CNI bull call spread positions are structurally moderately bullish; the modeled P&L assumes European-style exercise at expiration and ignores early assignment, transaction costs, dividends paid before expiry on the stock leg (when present), and the bid-ask spread on the listed chain. CNI positions also carry Industrials sector concentration risk; news flow inside the sector (peer earnings, regulatory shifts, supply-chain headlines) can move CNI alongside the broader basket even when CNI-specific fundamentals are unchanged. Long-premium structures like a bull call spread on CNI are particularly exposed to IV-crush risk through scheduled events (earnings, FDA decisions, central-bank meetings) where IV typically contracts post-event regardless of the directional outcome. Always rebuild the position from current CNI chain quotes before placing a trade.

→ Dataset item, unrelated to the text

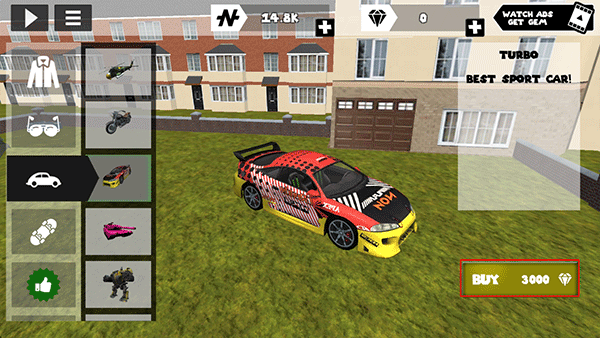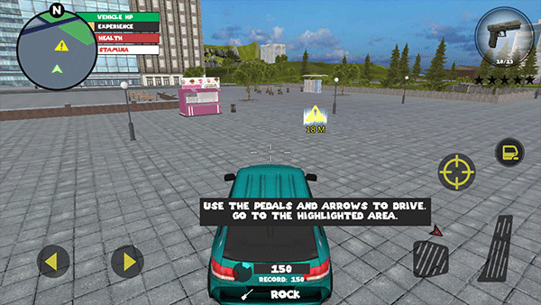 2、当角色身旁出现车辆时,屏幕左侧会显示一个汽车头形状的按钮,点击该按钮,角色便能抢夺车辆。操控车辆时,屏幕右下角有两个踏板,左边是删除按钮,右边是油门;屏幕左下角则有类似方向盘的部件,用于控制方向。务必熟练操控汽车,因为这是快速获取金币的最佳途径。

Frequently asked questions

What is a bull call spread on CNI?
A bull call spread on CNI is the bull call spread strategy applied to CNI (stock). The strategy is structurally moderately bullish: A bull call spread buys an at-the-money call and sells an out-of-the-money call at a higher strike for defined risk and defined reward bounded by the strike width. With CNI stock trading near $111.66, the strikes shown on this page are snapped to the nearest listed CNI chain strike and the premiums come straight from the end-of-day bid/ask midpoint.

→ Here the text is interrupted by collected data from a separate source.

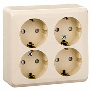 Розетка четырехместная Schneider Electric PA16-208K "Этюд" (16 А, IP20) открытой установки, с заземлением и защитными шторками, кремовый
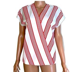 Talbots Women's blouse Faux Wrap Striped Top White Red Size MP short sleeve top
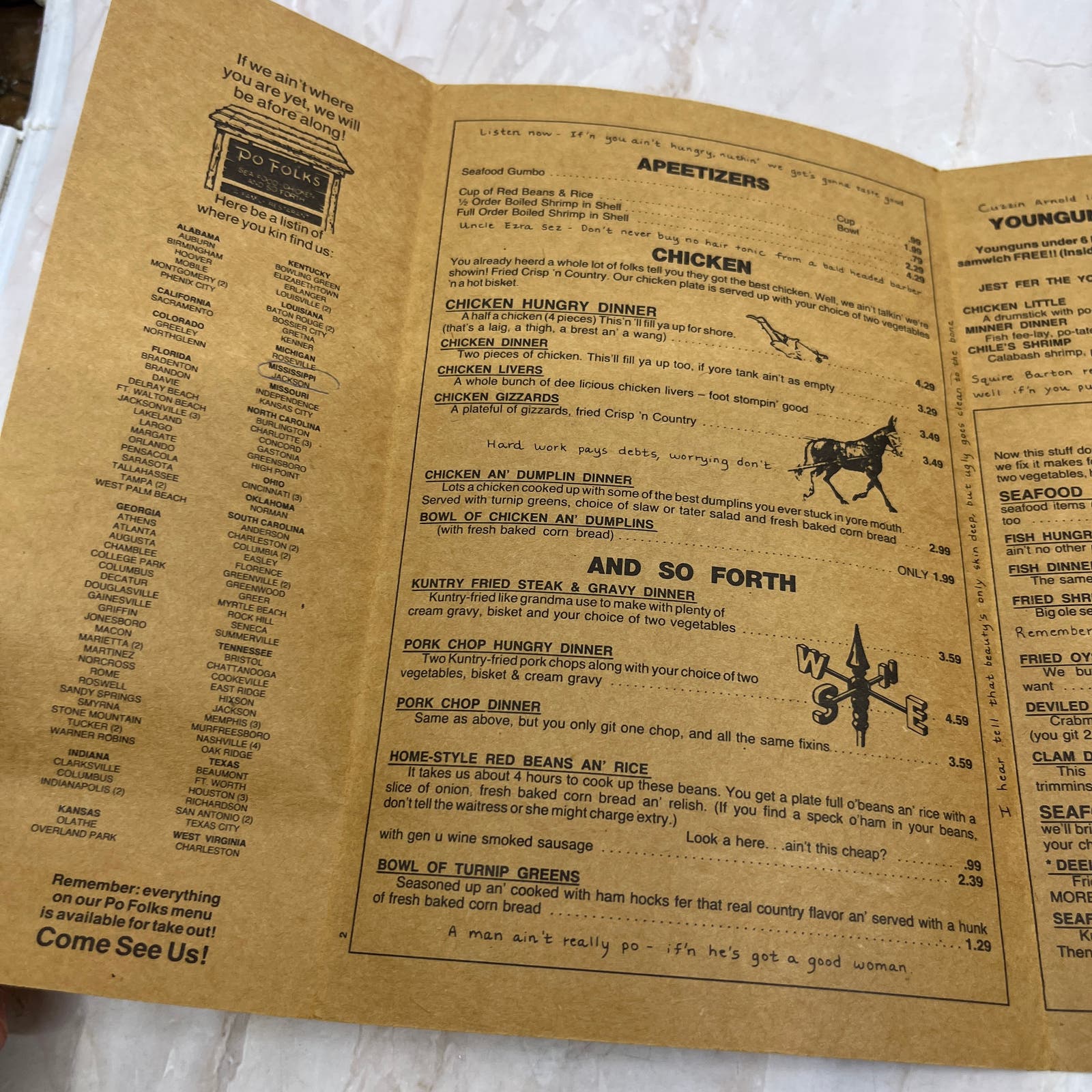 1983 Po Folks Family Restaurant Menu Jackson MS TI8-S5

How are CNI bull call spread max profit and max loss calculated?
Max profit equals strike width minus net debit times 100; max loss equals net debit times 100. Breakeven is long-call strike plus net debit. For the CNI bull call spread priced from the end-of-day chain at a 30-day expiry (ATM IV 23.30%), the computed maximum profit is $257.50 per contract and the computed maximum loss is -$242.50 per contract. Live intraday quotes will differ as the chain moves through the trading session.

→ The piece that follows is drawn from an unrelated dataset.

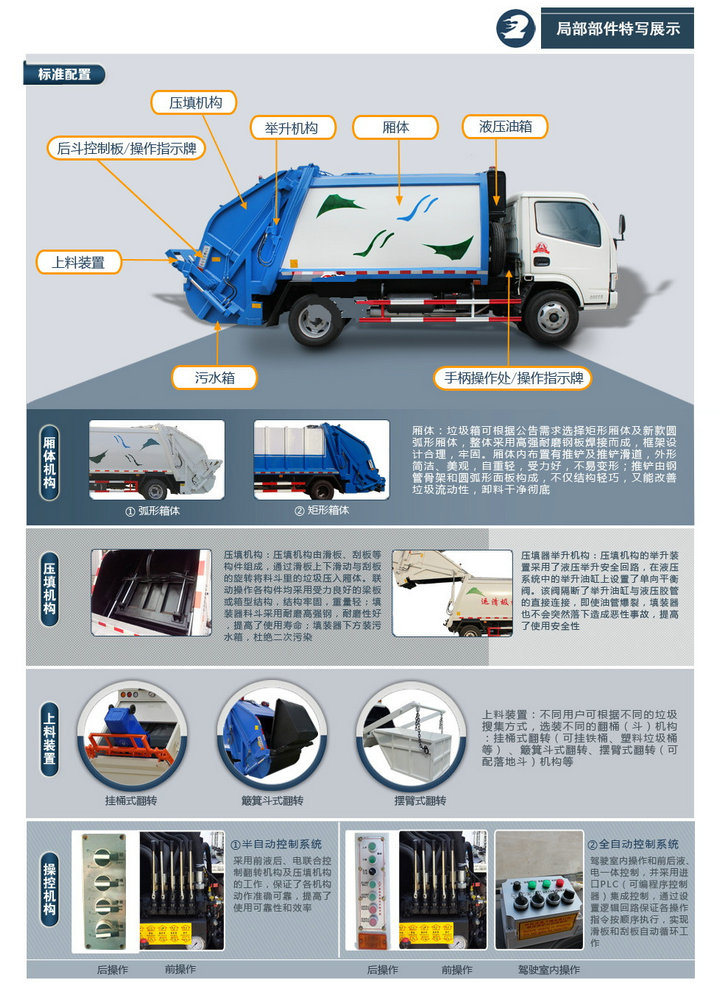 壓縮式垃圾車由密封式垃圾廂、液壓系統(tǒng)、操作系統(tǒng)組成。整車為全密封型,自行壓縮、自行傾倒、壓縮過程中的污水全部進入污水廂,解決了垃圾運輸過程中二次污染的問題,避免了給人們帶來不便,關(guān)鍵部件采用進口部件,具有壓力大、密封性好、操作方便、安全等優(yōu)點。

What is the breakeven for a CNI bull call spread?
The breakeven for the CNI bull call spread priced on this page is roughly $112.43 at expiration, derived from end-of-day chain premiums. Breakeven is the underlying price at which the strategy's P&L crosses zero ignoring transaction costs and assignment risk. The current CNI market-implied 1-standard-deviation expected move is approximately 6.68%; if the move sits well outside the breakeven distance, the structure's risk-reward becomes correspondingly tighter.
When should you consider a bull call spread on CNI?
Bull call spreads on CNI reduce the cost of a bullish CNI stock position by selling a higher-strike call; suited to moderate-move theses where price reaches but does not vastly exceed the short strike.
How does current CNI implied volatility affect this bull call spread?
CNI ATM IV is at 23.30% with IV rank near 53.79%, which is mid-range against its 1-year history. Strategy selection depends more on directional thesis and expected move than on a strong IV signal.